A engenheira desceu primeiro. O calor da sala de máquinas era um tapa depois do vento do convés: cheiro de óleo, borracha morna, metal vibrando em frequência contínua. Heather entrou logo atrás, segurando a prancheta de manutenção.
- O gerador secundário não segura a carga. Caiu para 22,8 volts no pico. - Heather apontou o amperímetro de painel. - Se for hidráulico eu desligo guincho e bomba auxiliar. Se for elétrico, é com você. - Mei sabia que Heather estava estranha com ela, usando palavras impessoais, mas não ligou. Resolveu se concentrar no trabalho.
- Elétrico é mais provável. - Mei desceu o macacão para o meio da cintura, amarrou o cabelo num laço e já pegou o alicate amperímetro da sua bolsa de ferramentas. - Liga só iluminação de serviço e o stretch mínimo do convés. E ninguém liga micro-ondas. - gritou, já sabendo que Boris tentaria esquentar café.
Ela encostou a ponta fria do multímetro nos terminais do regulador. O zumbido grave do motor preenchia o peito.
- Linha está em 24,4, mas o ripple tá alto. Olha. - Mostrou na tela oscilando. - Diode pack pode ter ido pro saco, ou o regulador tá surdo. Em outras palavras . - Mei suspirou. - Ou a energia que sai tá vindo toda errada, ou a peça que deveria controlar isso ficou "surda" e não tá respondendo.

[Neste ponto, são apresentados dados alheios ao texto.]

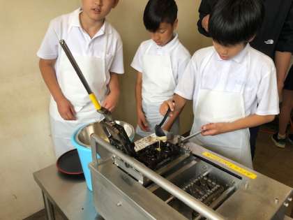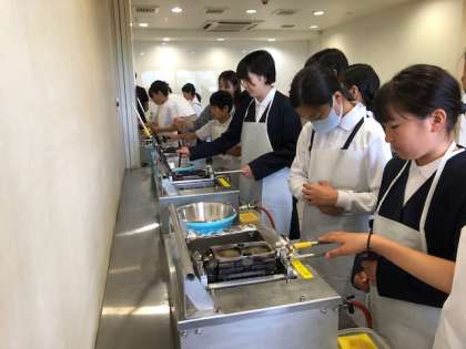 生地と具材をのせたものを、もみじ饅頭焼き機で、両面を30秒ずつ4回焼きます。横にある時計を見ながら真剣に取り組んでいました。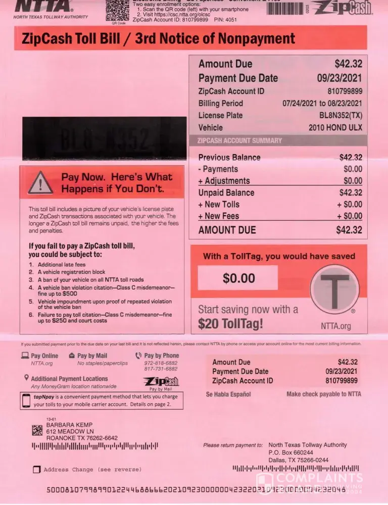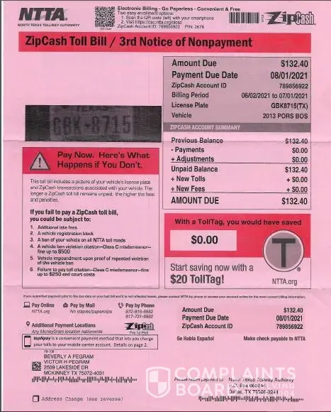 I need the NTTA to cancel this bill immediately. Zip cash account ID: [protected]
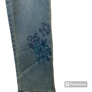 Sundance Magnolia Fit Floral Skinny Jeans Embroidered Blue Denim Mid Rise 30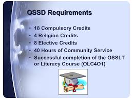 Student are expected to earn a total of 16 credits in Grade 9-10, 14 Credits in Grade 11-12, Min. of 75% achievement in Literacy test and up to 40 hours of Community service to be awarded the certificate.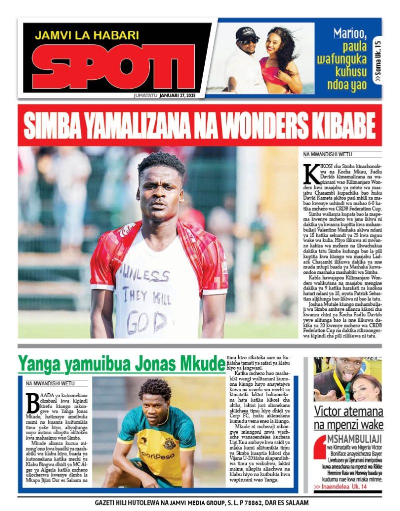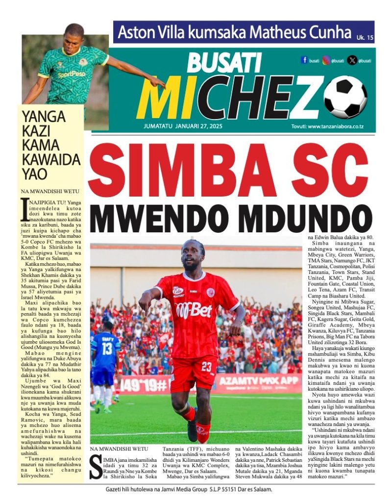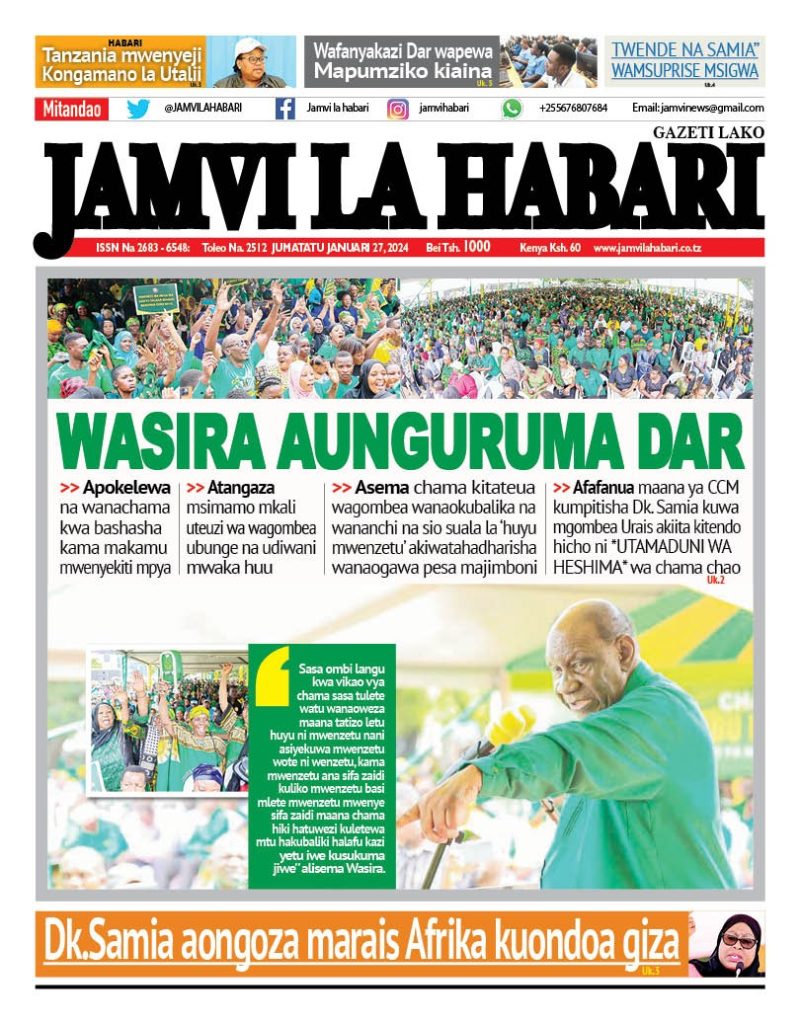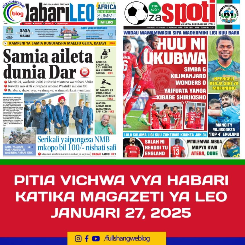 MagazetiPITIA VICHWA VYA HABARI KATIKA MAGAZETI YA LEO JANUARI 27, 2025 Last updated: 2025/01/27 at 12:20 AM John Bukuku 11 months ago Share SHARE John Bukuku January 27, 2025 January 26, 2025 Share this Article Facebook Twitter Email Print Previous Article WAZIRI MKUU ASISITIZA MATUMIZI YA NISHATI SAFI KWA WATANZANIA WOTE Next Article RAIS BOLA TIDUBU WA NIGERIA AWASILI NCHINI TANZANIA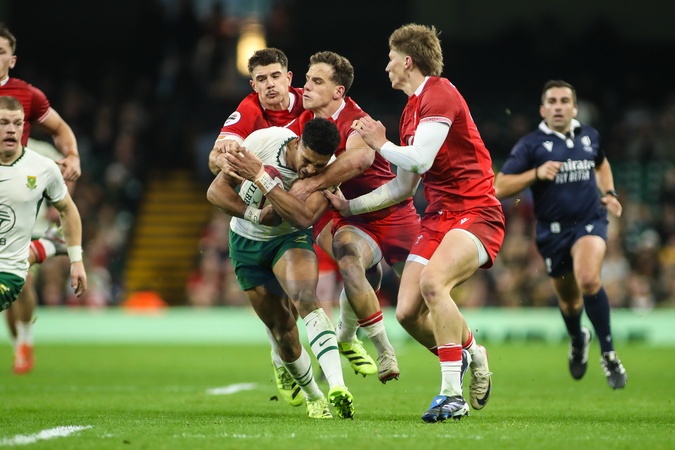 Sacha Feinberg-Mngomezulu of South Africa is tackled by the Welsh defence during the Quilter Nations Series 2025 match Wales vs South Africa at Principality Stadium, Cardiff, United Kingdom, 29th November 2025, Credit:Andrew Lewis/News Images / Avalon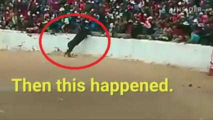 Con bò hung hăng lao lên khán đài khiến đám đông khán giả náo loạn, bỏ chạy trong kinh hãi. Sự cố khiến 4 người bị thương, may mắn thay không ai thiệt mạng.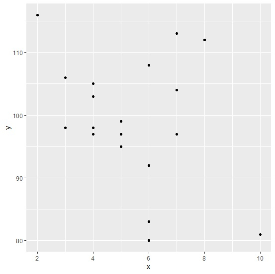 library(ggplot2) ggplot(df,aes(x,y))+geom_point()

- Tenho um regulador externo no armário de emergência. - Heather já se antecipava.
- Ótimo. Eu faço um bypass provisório: isolamos o regulador interno, jogo o externo e estabilizo a tensão. Enquanto isso, a gente faz load shedding: corta metade das luzes do convés, desliga aquecedor da copa e mantém o freezer no ciclo econômico. Assim não "pico" o secundário.
- Faça como você achar melhor.
Heather traduziu pelo rádio no estilo direto da capitã:
- Vocês ouviram né rapazes! No convés, só metade das luzes. Copa, nada de micro-ondas. Freezer no modo econômico.
Igor apareceu à porta, com cara de quem pedia uma segunda chance.
- Quer ajuda, Mei?
Ela avaliou em dois segundos. Precisava. E talvez ele precisasse mais.
- Pega o kit de jumpers, a caixa de terminais e o régua externa. E também traz braçadeiras de nylon.
- Sim, eu sei o que é quase tudo, mas kit de jumpers... - Victor fez uma cara como se Mei estivesse falando grego..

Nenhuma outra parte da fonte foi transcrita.